Created attachment 29845 [details]
gcc-unalign-alpha.diff

Comment 2 Uroš Bizjak 2013-04-10 06:43:14 UTC

> Attached the diff against trunk.

Please post patches to gcc-patches mailing list, as described in [1].

[1] http://gcc.gnu.org/contribute.html

Comment 3 Uroš Bizjak 2013-04-15 07:53:58 UTC

(In reply to comment #0)

> To reproduce, try this out:
> 
> unsigned long foo = 0x010203040a0b0c0d;
> printf("%02x",   *((char *)&foo + 7));
> 
> With -O (and onwards) it will turn out to be zero;  at every &X+15,
> &X+23, etc.  Depending on the offset from the frame pointer.

Please create a self-sufficient executable testcase, following the instructions at [1]. I was not able to confirm the problem from the lines you posted.

[1] http://gcc.gnu.org/bugs/

Comment 4 Martynas Venckus 2013-04-16 04:11:52 UTC

Hi,

(In reply to comment #3)
> Please create a self-sufficient executable testcase, following the instructions
> at [1]. I was not able to confirm the problem from the lines you posted.

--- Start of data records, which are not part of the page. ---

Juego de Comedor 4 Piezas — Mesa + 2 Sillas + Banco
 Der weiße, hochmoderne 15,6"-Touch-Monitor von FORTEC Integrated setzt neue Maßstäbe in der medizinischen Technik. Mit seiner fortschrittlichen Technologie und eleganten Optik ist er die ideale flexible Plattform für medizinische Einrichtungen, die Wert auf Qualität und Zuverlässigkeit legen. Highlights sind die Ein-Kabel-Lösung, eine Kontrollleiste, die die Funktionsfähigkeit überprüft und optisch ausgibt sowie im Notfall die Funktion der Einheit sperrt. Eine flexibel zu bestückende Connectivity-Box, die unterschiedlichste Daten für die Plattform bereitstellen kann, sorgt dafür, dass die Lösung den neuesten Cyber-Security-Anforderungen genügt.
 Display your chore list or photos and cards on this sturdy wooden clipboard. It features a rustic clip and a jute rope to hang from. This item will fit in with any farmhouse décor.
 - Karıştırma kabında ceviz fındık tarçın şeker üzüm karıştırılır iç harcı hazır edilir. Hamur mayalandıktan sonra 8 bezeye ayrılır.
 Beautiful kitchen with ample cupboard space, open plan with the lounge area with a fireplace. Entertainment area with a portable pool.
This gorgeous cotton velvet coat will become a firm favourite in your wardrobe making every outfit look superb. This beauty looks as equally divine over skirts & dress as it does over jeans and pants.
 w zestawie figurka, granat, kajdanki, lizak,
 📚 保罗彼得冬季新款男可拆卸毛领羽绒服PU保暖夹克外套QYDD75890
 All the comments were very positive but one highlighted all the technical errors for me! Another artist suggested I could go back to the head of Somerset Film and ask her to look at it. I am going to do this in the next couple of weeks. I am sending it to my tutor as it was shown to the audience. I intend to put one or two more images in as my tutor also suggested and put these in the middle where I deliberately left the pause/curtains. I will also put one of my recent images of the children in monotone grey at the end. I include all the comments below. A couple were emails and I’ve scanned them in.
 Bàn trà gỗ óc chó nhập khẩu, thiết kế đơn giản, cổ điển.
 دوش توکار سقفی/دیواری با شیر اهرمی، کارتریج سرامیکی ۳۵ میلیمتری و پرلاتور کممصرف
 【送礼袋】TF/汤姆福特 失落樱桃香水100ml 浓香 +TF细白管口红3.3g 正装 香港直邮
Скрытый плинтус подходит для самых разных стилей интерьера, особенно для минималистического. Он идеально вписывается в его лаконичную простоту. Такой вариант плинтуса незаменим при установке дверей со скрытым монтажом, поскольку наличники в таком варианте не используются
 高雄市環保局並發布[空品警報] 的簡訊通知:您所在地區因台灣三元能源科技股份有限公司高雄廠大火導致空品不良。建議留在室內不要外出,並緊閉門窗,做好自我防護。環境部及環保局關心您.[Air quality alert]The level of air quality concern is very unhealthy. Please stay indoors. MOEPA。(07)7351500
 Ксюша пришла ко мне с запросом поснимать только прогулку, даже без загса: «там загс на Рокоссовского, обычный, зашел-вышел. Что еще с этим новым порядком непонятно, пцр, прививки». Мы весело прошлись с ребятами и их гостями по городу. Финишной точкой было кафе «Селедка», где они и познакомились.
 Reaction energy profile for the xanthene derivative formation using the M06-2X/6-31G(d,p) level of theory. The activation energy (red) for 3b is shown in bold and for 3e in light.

Thanks for the feedback, Uros.  Did you try it together with the frame 
growing downwards diff posted in #56898?  If so, the locals are actually
at the negative offsets and unaligned loads like foo%8-5 will expose this,
instead of foo%8-1.

I'm attaching the ab-pre.tgz (before the diff) and ab-post.tgz (after 
the diff) which exercise both frame growing upwards and downwards;  RTL
dumps included.  Feel free to turn it into a testcase (I can't do that
at the moment).

I'm 100% busy at work this week, so I would appreciate if you took 
care of this (and #56898).  Otherwise, I'll follow up with the official
contribution guidelines in the weekend.

Martynas.

Comment 5 Martynas Venckus 2013-04-16 04:16:39 UTC

Created attachment 29878 [details]
ab-pre.tgz

> gcc a.c; ./a.out

0d0a
0d0a0401
0d0a0401

> gcc -O a.c; ./a.out

0d0a
0d0a0400
0d0a0400

> cp a.c b.c
> gcc -S -dall a.c
> gcc -O -S -dall b.c

Comment 6 Martynas Venckus 2013-04-16 04:18:16 UTC

Created attachment 29879 [details]
ab-post.tgz

> gcc a.c; ./a.out

0d0a
0d0a0401
0d0a0401

> gcc -O a.c; ./a.out

0d0a
0d0a0401
0d0a0401

> cp a.c b.c
> gcc -S -dall a.c
> gcc -O -S -dall b.c

Comment 7 Uroš Bizjak 2013-04-16 15:15:14 UTC

(In reply to comment #4)
> Hi,
> 
> (In reply to comment #3)
> > Please create a self-sufficient executable testcase, following the instructions
> > at [1]. I was not able to confirm the problem from the lines you posted.
> 
> Thanks for the feedback, Uros.  Did you try it together with the frame 
> growing downwards diff posted in #56898?  If so, the locals are actually
> at the negative offsets and unaligned loads like foo%8-5 will expose this,
> instead of foo%8-1.

No, I am using unpatched compiler. Compiling your ab-pre.tgz test, I got:

~/gcc-build-47/gcc/xgcc -B ~/gcc-build-47/gcc -O a.c
uros@monolith ~/test $ ./a.out
0d0a
0d0a0401
0d0a0401

~/gcc-build-47/gcc/xgcc -B ~/gcc-build-47/gcc -O -mcpu=ev4 a.c
uros@monolith ~/test $ ./a.out
0d0a
0d0a0401
0d0a0401

with:

GNU C (GCC) version 4.7.3 20130228 (prerelease) [gcc-4_7-branch revision 196343] (alphaev68-unknown-linux-gnu)
 
and the same result (with the same flags) with:

GNU C (GCC) version 4.9.0 20130407 (experimental) [trunk revision 197551] (alphaev68-unknown-linux-gnu)

The compilers imply -mcpu=ev67 when invoked without -mcpu command.